More metrics information

Metrics

Total Views 19,344

16,847 Pageviews

2,497 PDF Downloads

Since 6/1/2020

Month: Total Views:
June 2020 449
July 2020 333
August 2020 452
September 2020 1,736
October 2020 1,293
November 2020 1,173
December 2020 1,393
January 2021 1,003
February 2021 1,428
March 2021 992
April 2021 885
May 2021 723
June 2021 589
July 2021 574
August 2021 716
September 2021 581
October 2021 393
November 2021 348
December 2021 518
January 2022 769
February 2022 319
March 2022 215
April 2022 163
May 2022 143
June 2022 196
July 2022 181
August 2022 173
September 2022 142
October 2022 145
November 2022 102
December 2022 82
January 2023 70
February 2023 52
March 2023 61
April 2023 55
May 2023 57
June 2023 53
July 2023 36
August 2023 88
September 2023 52
October 2023 29
November 2023 36
December 2023 48
January 2024 51
February 2024 62
March 2024 33
April 2024 67
May 2024 44
June 2024 29
July 2024 50
August 2024 34
September 2024 54
October 2024 27
November 2024 47

Citations

Powered by Dimensions

29 Web of Science

Altmetrics

×

Email alerts

Article activity alert

Advance article alerts

New issue alert

Receive exclusive offers and updates from Oxford Academic

More on this topic

Posterior Oropharyngeal Saliva for the Detection of Severe Acute Respiratory Syndrome Coronavirus 2 (SARS-CoV-2)

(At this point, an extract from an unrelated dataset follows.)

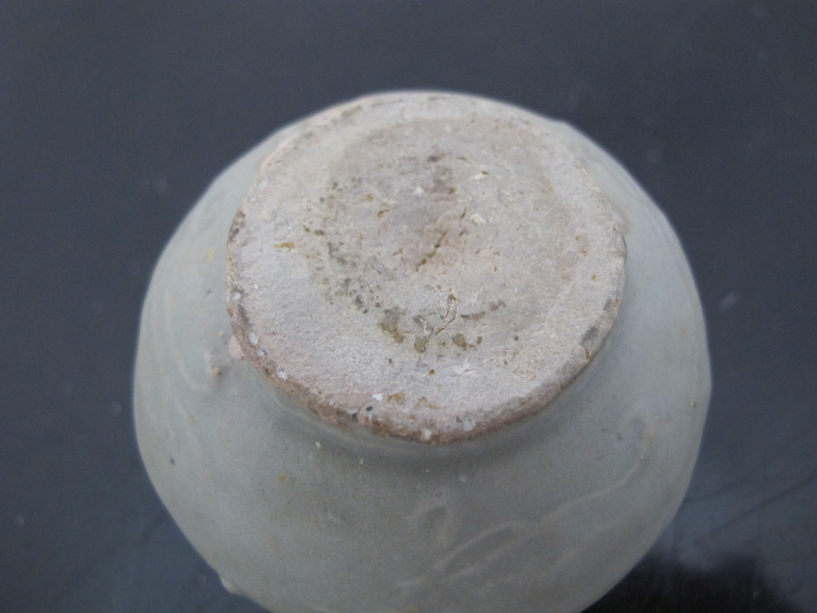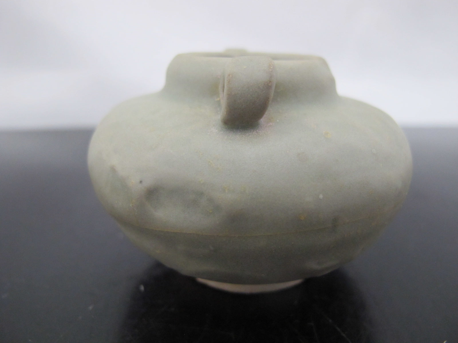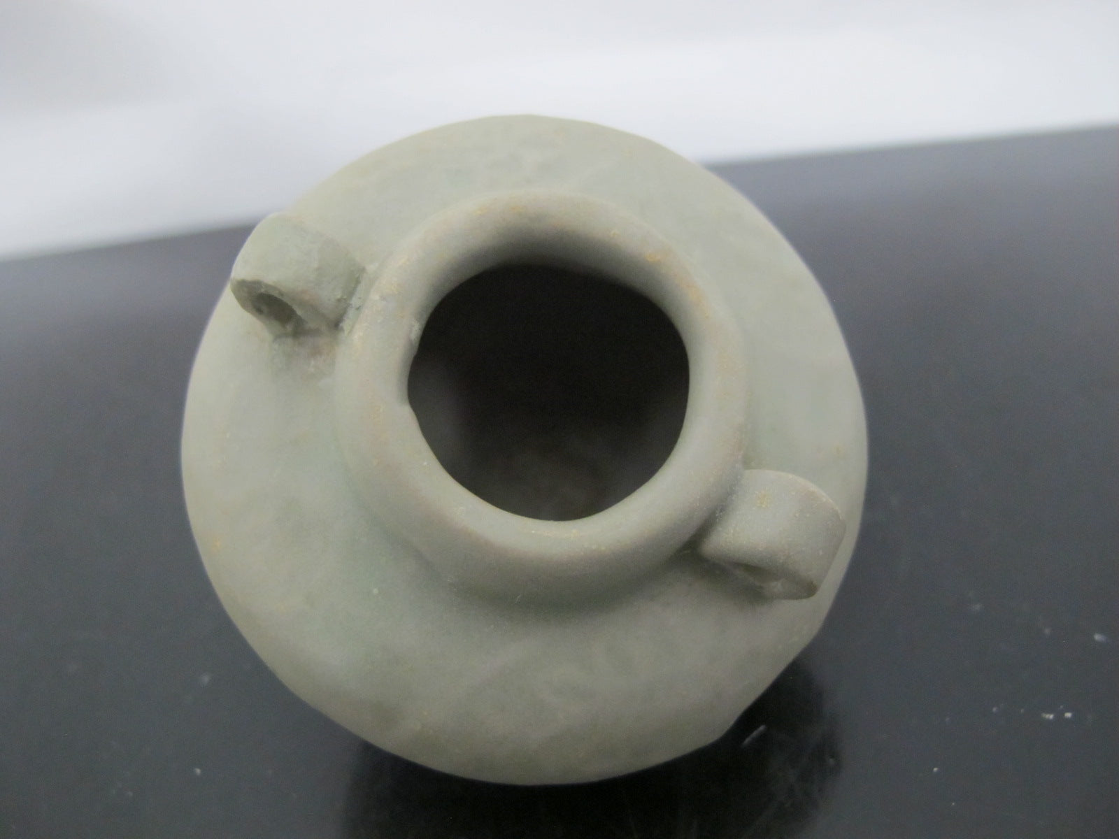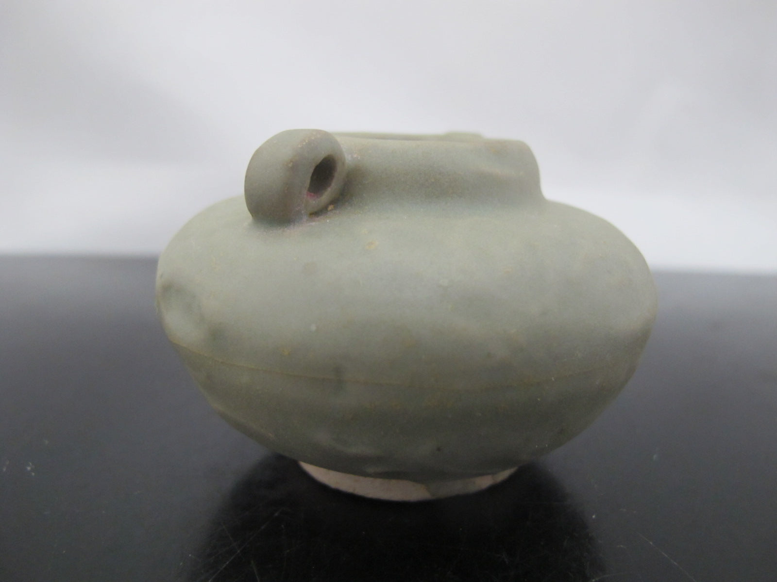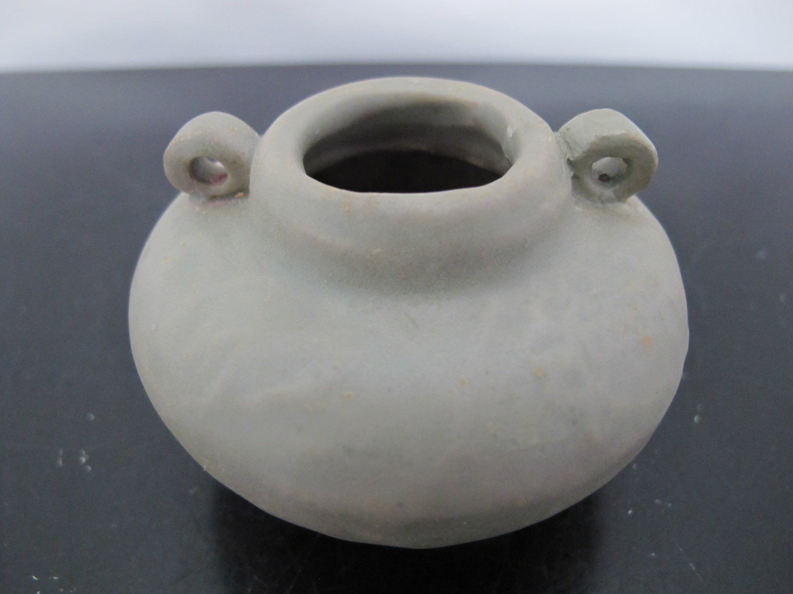 Chinese Longquan celadon glazed jarlet. It features a globular body, two loop handles, and is covered in a characteristic pale sea green hue.
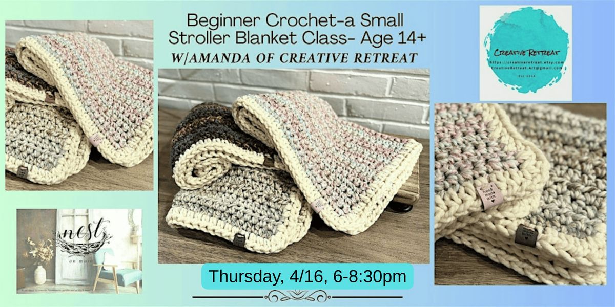During the class, each student will construct a small stroller blanket measuring approximately 24" by 22". Note, attendees may require more time to complete their projects at home after the workshop. Available yarn colors may vary due to supply and demand. All attendees will be given yarn, a crochet pattern, crochet hook, 2 stitch markers and "made with love" tag.

Optimizing Benefits of Testing Key Workers for Infection with SARS-CoV-2: A Mathematical Modeling Analysis

Comparative Replication and Immune Activation Profiles of SARS-CoV-2 and SARS-CoV in Human Lungs: An Ex Vivo Study With Implications for the Pathogenesis of COVID-19

The Laboratory Diagnosis of Coronavirus Disease 2019— Frequently Asked Questions

Citing articles via

Google Scholar

  • Latest

  • Most Read

  • Most Cited

Benefit of early oseltamivir therapy for adults hospitalized with influenza A: an observational study
Real world virologic outcomes in patients with elevated body mass index receiving long acting cabotegravir/rilpivirine
Microbiological trends, in-hospital outcomes, and mortality in infective endocarditis: a Swiss-nationwide cohort study
Is Antibiotic De-Escalation Safe and Beneficial to Patients with Sepsis?
Meeting People Where They Are: The Roles of Peer Navigation and Telemedicine for HCV Elimination

More from Oxford Academic

Clinical Medicine

Infectious Diseases

Medicine and Health

Books

Journals

Advertisement

Performance of Oropharyngeal Swab Testing Compared With Nasopharyngeal Swab Testing for Diagnosis of Coronavirus Disease 2019—United States, January 2020–February 2020 (2024)
Top Articles
Latest Posts
Recommended Articles
Article information

Author: Tyson Zemlak

Last Updated:

Views: 5965

Rating: 4.2 / 5 (43 voted)

Reviews: 82% of readers found this page helpful

Author information

Name: Tyson Zemlak

Birthday: 1992-03-17

Address: Apt. 662 96191 Quigley Dam, Kubview, MA 42013

Phone: +441678032891

Job: Community-Services Orchestrator

Hobby: Coffee roasting, Calligraphy, Metalworking, Fashion, Vehicle restoration, Shopping, Photography

Introduction: My name is Tyson Zemlak, I am a excited, light, sparkling, super, open, fair, magnificent person who loves writing and wants to share my knowledge and understanding with you.